I created an account to get an API key but don’t show it because RPubs is public. The key is included in the call to the API.

api_key <- rstudioapi::askForPassword("API Key")
url <- paste("https://api.nytimes.com/svc/topstories/v2/home.json?api-key=", api_key, sep = "") 

The API returns data in JSON format so I used fromJSON()

top_stories <- fromJSON(url, flatten = TRUE)

Note that the retrieved data may change from run to run as the top stories are likely updated frequently.


3. Data checks and transformations

The structure of the JSON data can be seen in a data viewer.

View(top_stories)

The top stories are in level 1, element 6 (“results”), which is already a dataframe, so I started the data transformations from there.

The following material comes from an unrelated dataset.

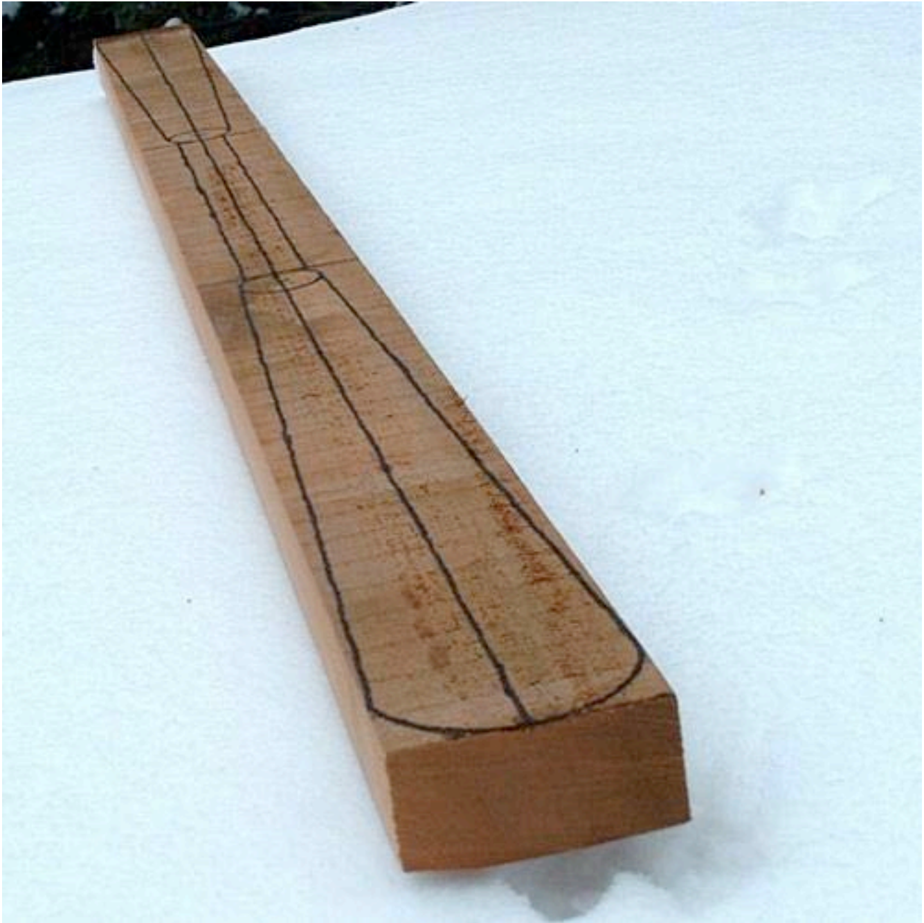
La tracé de la pagaie sur le 2x4.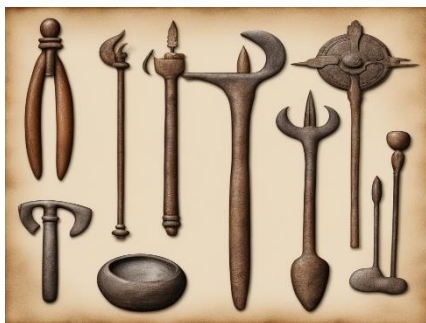
(Narzędzia z epoki żelaza)

Epoka brązu na Półwyspie skarlandzkim trwała od 1700–1300 r. P.n.e. Wywołała ona głębokie przemiany społeczne. Do rozpoczęcia przemian przyczynił się bezpośredni rozwój hutnictwa, który zaowocował wynalezieniem brązu będącego stopem miedzi i cyny. Około 1300 r. p.n.e. Na terenach obecnej wspólnoty Galicji i Leónu. Pojawiły się zespoły obronne castros. Na obszarze wspólnoty Móstoles powstały wtedy budowle zwane talayos.

3.1. Convert “facet” columns

The “_facet” columns are character lists, so I unlisted and converted them to strings.

top_stories <- top_stories[[6]] %>%
  rowwise() %>%
  mutate(
    des_facet = toString(unlist(des_facet)),
    org_facet = toString(unlist(org_facet)),
    per_facet = toString(unlist(per_facet)),
    geo_facet = toString(unlist(geo_facet))
  ) %>%
  ungroup()

Now the dataframe looks like this:

glimpse(top_stories)
## Rows: 27
## Columns: 19
## $ section             <chr> "world", "world", "world", "us", "us", "world", "w…
## $ subsection          <chr> "europe", "europe", "europe", "politics", "", "eur…
## $ title               <chr> "In First Remarks on Attack, Putin Tries to Link A…
## $ abstract            <chr> "American officials, who have assessed that a bran…
## $ url                 <chr> "https://www.nytimes.com/2024/03/23/world/europe/m…
## $ uri                 <chr> "nyt://article/bd065841-6d43-573d-9890-07e054d0d35…
## $ byline              <chr> "By Anton Troianovski", "By Julian E. Barnes and E…
## $ item_type           <chr> "Article", "Article", "Article", "Article", "Artic…
## $ updated_date        <chr> "2024-03-23T12:25:20-04:00", "2024-03-23T12:28:04-…
## $ created_date        <chr> "2024-03-23T09:58:43-04:00", "2024-03-22T18:36:11-…
## $ published_date      <chr> "2024-03-23T09:58:43-04:00", "2024-03-22T18:36:11-…
## $ material_type_facet <chr> "", "", "", "", "", "", "", "", "", "", "", "", ""…
## $ kicker              <chr> "", "", "", "", "news analysis", "", "", "", "", "…
## $ des_facet           <chr> "Terrorism", "Moscow Concert Hall Shooting (March …
## $ org_facet           <chr> "", "Islamic State Khorasan", "Islamic State Khora…
## $ per_facet           <chr> "Putin, Vladimir V", "", "", "Johnson, Mike (1972-…
## $ geo_facet           <chr> "Moscow (Russia), Russia", "Moscow (Russia)", "Rus…
## $ multimedia          <list> [<data.frame[3 x 8]>], [<data.frame[3 x 8]>], [<d…
## $ short_url           <chr> "", "", "", "", "", "", "", "", "", "", "", "", ""…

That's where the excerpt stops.